Via: The Guardian.
US regulators say they will fine bloggers who fail to disclose their relationships with advertisers. Can the scheme possibly work?
Update: For some reason in the original version of this post, I said the new guidelines were from the Federal Communications Commission, rather than the Federal Trade Commission. My mistake, now corrected.
The long-running debate over freedom of speech on the internet took a new twist yesterday, when America’s most important regulators – the Federal Trade Commission – decided to approve new rules to stop independent bloggers from hiding their links to advertisers.
More accurately, the FTC has put forward a new series of guidelines designed to encourage fair and transparent product reviews online – including an attempt to regulate “payola” on websites and blogs. The possible consequence of breaking those rules? A fine of up to $11,000 (more than £6,800 in real money).
Payola schemes – where web users are offered money or gifts to write about certain services or products – have increased in recent years, as marketers realise that there’s a lot of hay to be made by using freebies and cash incentives to encourage bloggers, web users and forum contributors to produce reviews or testimonials. At its worst, it is a form of astroturfing, the pernicious practice of trying to trick people into thinking that has widespread support from ordinary members of the public.
However, the FTC’s guidelines – which are detailed in this press release – could also stretch to sites like Facebook and Twitter, according to this CNet report. It says that FTC bigwig Richard Cleland said he “plans to keep tabs on social networks as well as blogs”.
The rules also look at celebrity endorsements and generic testimonials, and were voted in unanimously by FTC commissioners. That means they aren’t strictly law – nor do they specify exactly how bloggers must provide disclosure of their relationships with companies. But they do make a few things clear:
The revised Guides specify that while decisions will be reached on a case-by-case basis, the post of a blogger who receives cash or in-kind payment to review a product is considered an endorsement.

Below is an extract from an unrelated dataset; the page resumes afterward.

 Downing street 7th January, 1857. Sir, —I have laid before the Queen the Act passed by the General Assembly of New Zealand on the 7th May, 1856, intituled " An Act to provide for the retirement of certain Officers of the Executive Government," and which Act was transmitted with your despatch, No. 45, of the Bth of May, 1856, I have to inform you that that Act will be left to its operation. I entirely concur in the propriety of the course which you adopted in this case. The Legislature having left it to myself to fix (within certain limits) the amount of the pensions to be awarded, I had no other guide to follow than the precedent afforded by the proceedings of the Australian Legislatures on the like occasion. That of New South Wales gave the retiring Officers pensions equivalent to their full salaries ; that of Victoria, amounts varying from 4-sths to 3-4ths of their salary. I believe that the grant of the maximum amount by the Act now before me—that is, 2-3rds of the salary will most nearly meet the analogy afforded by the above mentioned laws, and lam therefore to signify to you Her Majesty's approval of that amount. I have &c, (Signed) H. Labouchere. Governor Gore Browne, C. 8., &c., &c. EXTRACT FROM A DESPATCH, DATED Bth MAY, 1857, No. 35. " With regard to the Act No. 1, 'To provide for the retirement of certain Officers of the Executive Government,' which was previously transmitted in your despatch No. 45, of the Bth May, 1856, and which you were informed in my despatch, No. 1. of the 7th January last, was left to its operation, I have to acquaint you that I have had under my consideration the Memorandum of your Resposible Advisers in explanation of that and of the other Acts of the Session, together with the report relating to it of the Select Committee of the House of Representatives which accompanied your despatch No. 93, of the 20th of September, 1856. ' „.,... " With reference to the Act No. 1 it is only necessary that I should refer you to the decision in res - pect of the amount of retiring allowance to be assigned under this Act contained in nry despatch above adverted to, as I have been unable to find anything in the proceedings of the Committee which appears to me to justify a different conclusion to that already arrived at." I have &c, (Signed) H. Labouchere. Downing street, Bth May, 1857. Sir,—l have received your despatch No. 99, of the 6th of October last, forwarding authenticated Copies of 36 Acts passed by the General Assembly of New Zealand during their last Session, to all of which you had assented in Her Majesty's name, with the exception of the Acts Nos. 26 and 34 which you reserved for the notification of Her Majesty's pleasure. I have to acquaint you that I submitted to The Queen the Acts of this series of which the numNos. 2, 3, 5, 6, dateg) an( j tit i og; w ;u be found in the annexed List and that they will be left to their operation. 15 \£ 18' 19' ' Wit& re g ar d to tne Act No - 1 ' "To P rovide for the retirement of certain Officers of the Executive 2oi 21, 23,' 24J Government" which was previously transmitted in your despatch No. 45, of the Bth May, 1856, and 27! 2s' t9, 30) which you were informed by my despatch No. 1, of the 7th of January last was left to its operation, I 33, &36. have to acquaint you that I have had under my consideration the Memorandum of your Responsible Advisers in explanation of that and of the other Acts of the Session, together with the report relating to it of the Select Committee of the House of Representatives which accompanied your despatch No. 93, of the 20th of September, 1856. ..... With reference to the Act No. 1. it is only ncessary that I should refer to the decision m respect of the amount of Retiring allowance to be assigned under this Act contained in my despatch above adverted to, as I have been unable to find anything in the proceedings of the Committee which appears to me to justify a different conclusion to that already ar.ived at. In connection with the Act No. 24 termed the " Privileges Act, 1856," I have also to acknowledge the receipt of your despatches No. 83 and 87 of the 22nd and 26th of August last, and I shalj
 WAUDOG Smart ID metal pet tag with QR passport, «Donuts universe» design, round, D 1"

Thus, bloggers who make an endorsement must disclose the material connections they share with the seller of the product or service.

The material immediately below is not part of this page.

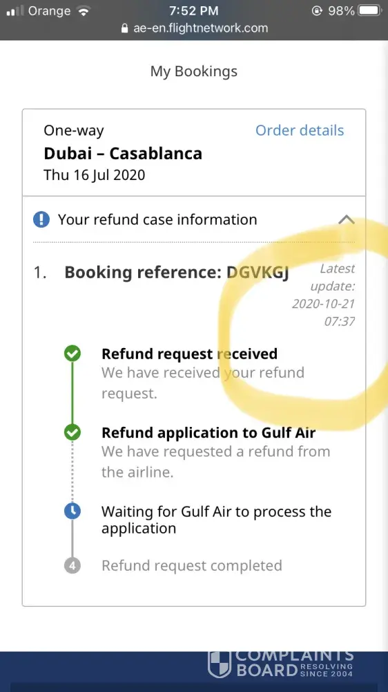The last communication that i received from flightnetwork back on october 2020 that my refund is on process however when i called the airlines directly they told me that no refund is requested for this ticket
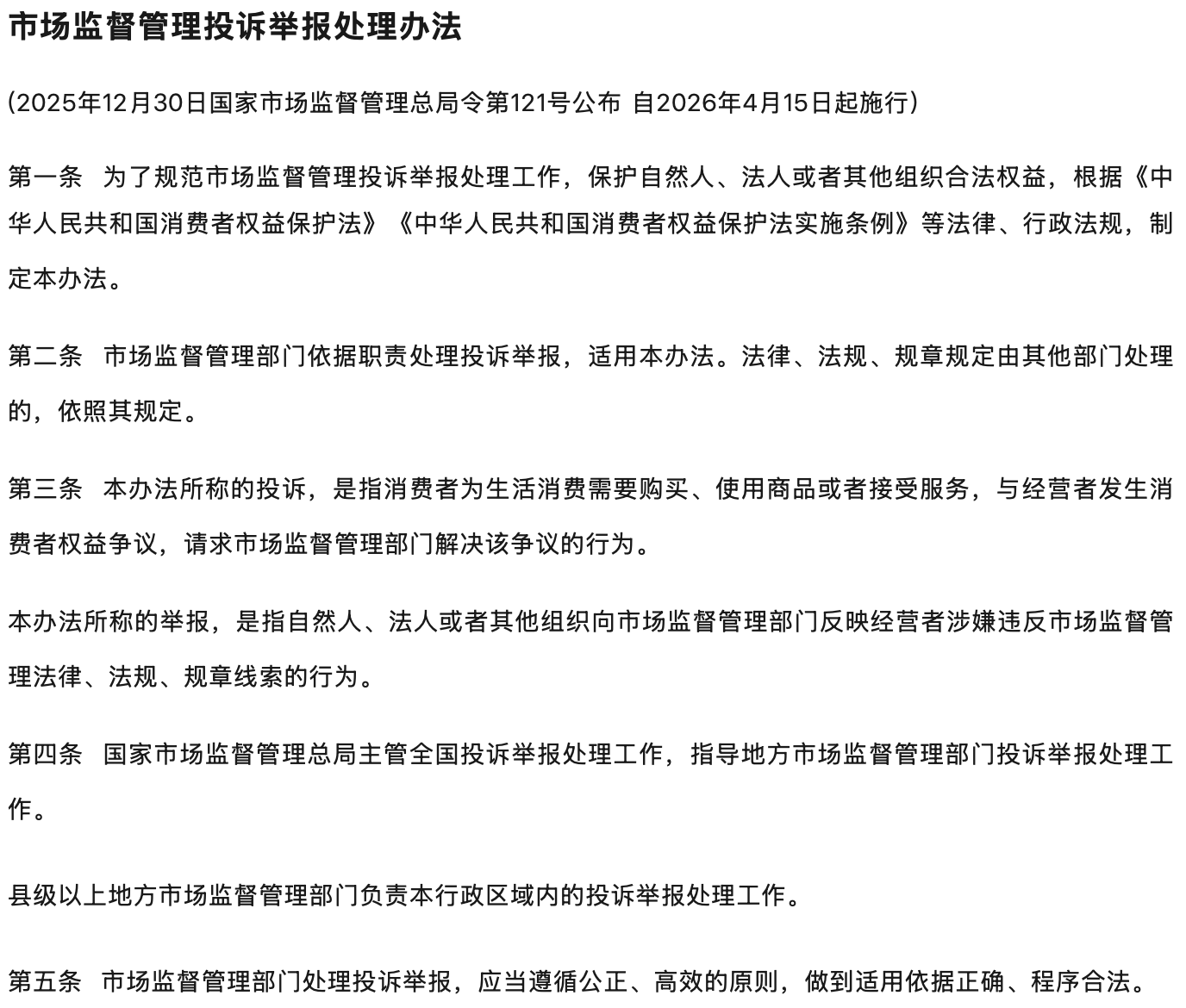 | 《办法》自2026年4月15日起施行,原《市场监督管理投诉举报处理暂行办法》同时废止。 |

The idea has, unsurprisingly, enraged those who don’t believe that the government has the right to start regulating what people say (even if it’s misleading). That includes Guardian columnist Jeff Jarvis, who – despite his hatred of payola – calls it a “monument to unintended consequence, hidden dangers and dangerous assumptions”.
One thing I am pretty sure about: this will be used by some journalists as a way to beat bloggers up. Payola is, after all, one area that journalism (stuck in its tedious and everlasting love-hate spiral with blogging) has often taken the sniffy high ground. Without a code of ethics and transparency, journalists often point out, bloggers are simply targets for unethical marketers. And while there’s certainly truth in that – marketers have certainly latched onto the concept, not least the controversial company PayPerPost – it’s also a bit rich to assume that every journalist or publication in America is a paragon of ethical virtue (or indeed unaffected by outside influences).
Anyway. Right now, I’m not entirely sure whether I think this is a good thing or not. The intention is clearly honourable, but I’m not sure what they mean in practice – the guidelines are 81 pages long and I haven’t finished reading them yet. Is it possible to regulate the internet in this way? And even if it possible, would it potentially restrict other areas of online life? Any thoughts?